This research project assessed the African swine fever virus’s (ASFV) nucleic acid and antibody detection in tonsil scrapings, cheek swabs, oral fluids, blood, and some tissues across three commercial antibody ELISA assays, two nucleic acid extraction platforms and two commercial real-time PCR kits. The study used a mildly virulent strain of ASF that was weakened from a very virulent strain (Mozambique 78), this allowed for survival of the pigs for >90 days post-inoculation (dpi). We also evaluated the impact of a mock co-infection with porcine reproductive and respiratory syndrome virus (PRRSV) through use of a modified live vaccine. The positivity rate for viral nucleic acid varied widely across sample types with blood and oral fluid being the most reliable. Detection of ASFV nucleic acid in blood peaked at days 8 to 21 post ASF inoculation and in oral fluid 1-7 days post inoculation. Buccal swabs and tonsillar scrapings had significantly different rates of detection compared to blood and oral fluids. Serum had the positivity rate for antibody detection and was significantly different from oral fluids. Antibodies were consistently detectable after 12 dpi. Overall, there was an insignificant by consistent trend that the ASFV inoculated group had a higher rate of ASFV nucleic acid and antibody detection across kits compared to the ASFV and PRRSV inoculated group. Group sample sizes may have limited the ability to statistically detect a difference, but further study is needed. Overall, there were some statistical differences between PCR kit detection, no difference in extraction kits, and no difference in serum in the ELISA antibody kits. One kit was unable to detect antibodies in oral fluids, nor did that kit’s protocol call for oral fluid use, but two other kits were consistent in their detection. Tests should be used to evaluate herd status and repeat testing will be important for reliable surveillance. Antibody detection is the most reliable means to detect the status of herds. Contact Dr. Karyn Havas with any questions (karyn.havas@pipestone.com).

Key Findings:

  • Real-time polymerase chain reaction results
  • Oral fluid and blood samples were the most reliable sample types for nucleic acid detection.
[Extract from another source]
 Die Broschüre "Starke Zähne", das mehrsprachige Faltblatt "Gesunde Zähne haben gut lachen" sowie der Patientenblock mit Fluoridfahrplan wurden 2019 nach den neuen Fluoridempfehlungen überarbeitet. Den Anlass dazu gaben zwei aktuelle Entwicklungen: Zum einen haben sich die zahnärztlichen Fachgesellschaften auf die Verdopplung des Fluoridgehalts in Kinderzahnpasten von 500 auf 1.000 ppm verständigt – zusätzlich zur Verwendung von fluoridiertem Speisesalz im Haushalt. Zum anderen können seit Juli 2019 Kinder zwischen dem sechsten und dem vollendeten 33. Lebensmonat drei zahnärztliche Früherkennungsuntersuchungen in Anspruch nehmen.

  • The percent of samples that were positive varied considerably over the 93 days with day 1 to 21 being the most reliable detection period.
  • There were some minor statistical differences between PCR kits and extraction kits used.
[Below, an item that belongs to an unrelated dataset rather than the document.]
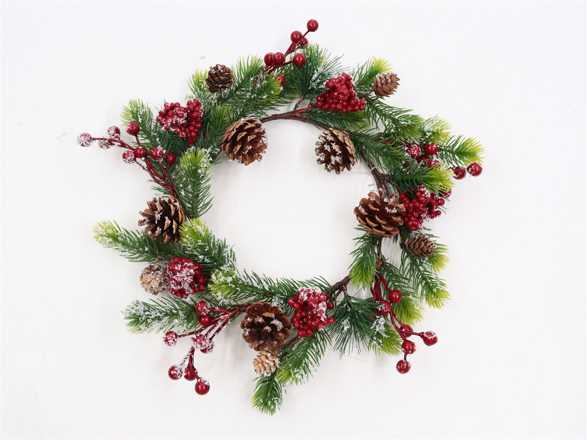 Description:40cm, red berries, pinecones, green pine leaves, mixed Christmas wreaths

  • Enzyme-linked immunosorbent assay results
  • Blood had a greater reliability of antibody detection than oral fluids.
  • Detection was most reliable after 12 days post-infection.
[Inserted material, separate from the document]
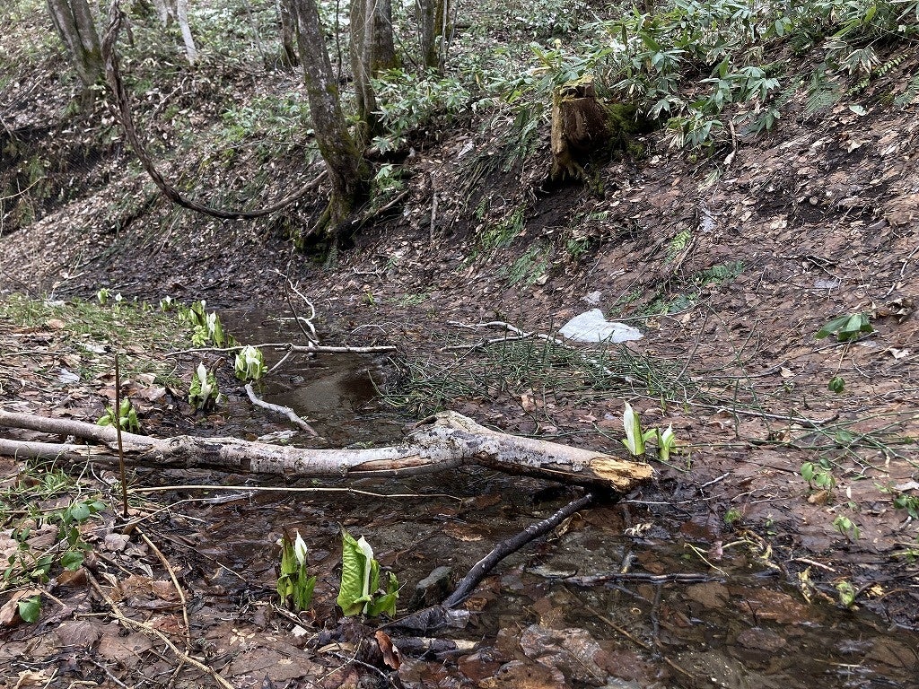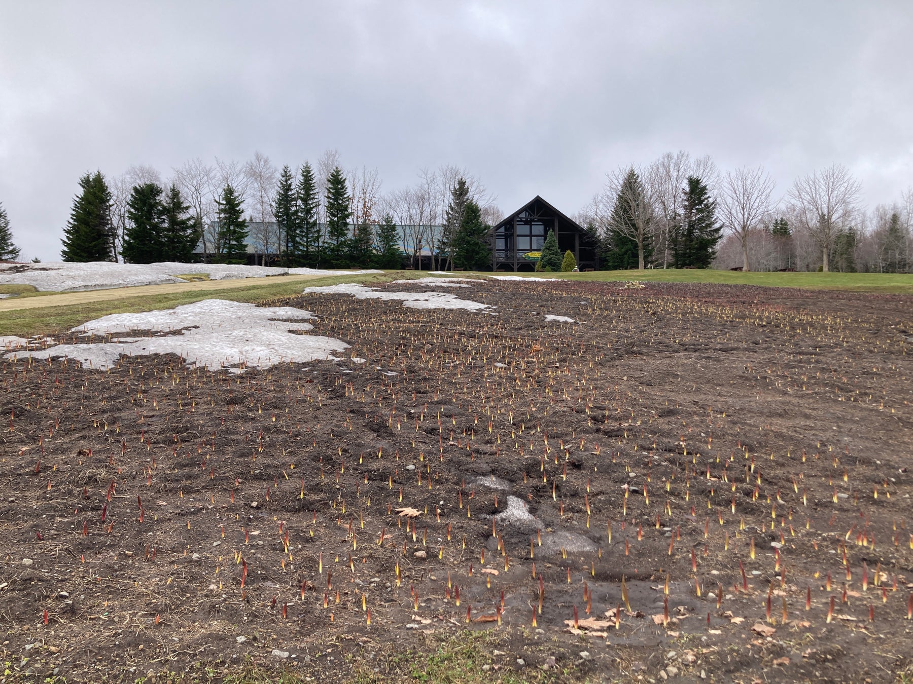 まだ一部に残雪がありますが、融雪の進んでいる場所では、チューリップの芽が出ている様子を見ることができます。

  • There was no difference significant difference in the ability to detect antibodies against ASF in serum, and the Innoceleris and IDScreen indirect oral fluids ELISA showed no statistical difference in detection using oral fluids.
  • Co-infection (proxy was vaccination with a PRRS MLV) showed a consistent trend of decreased ability to detect viral nucleic acid in all sample types and antibodies in serum across all test kits.
  • Antibody detection is a key tool to be used when looking for infections that could have occurred up to two weeks prior, particularly in situations with attenuated viruses, where detection of the virus is not reliable.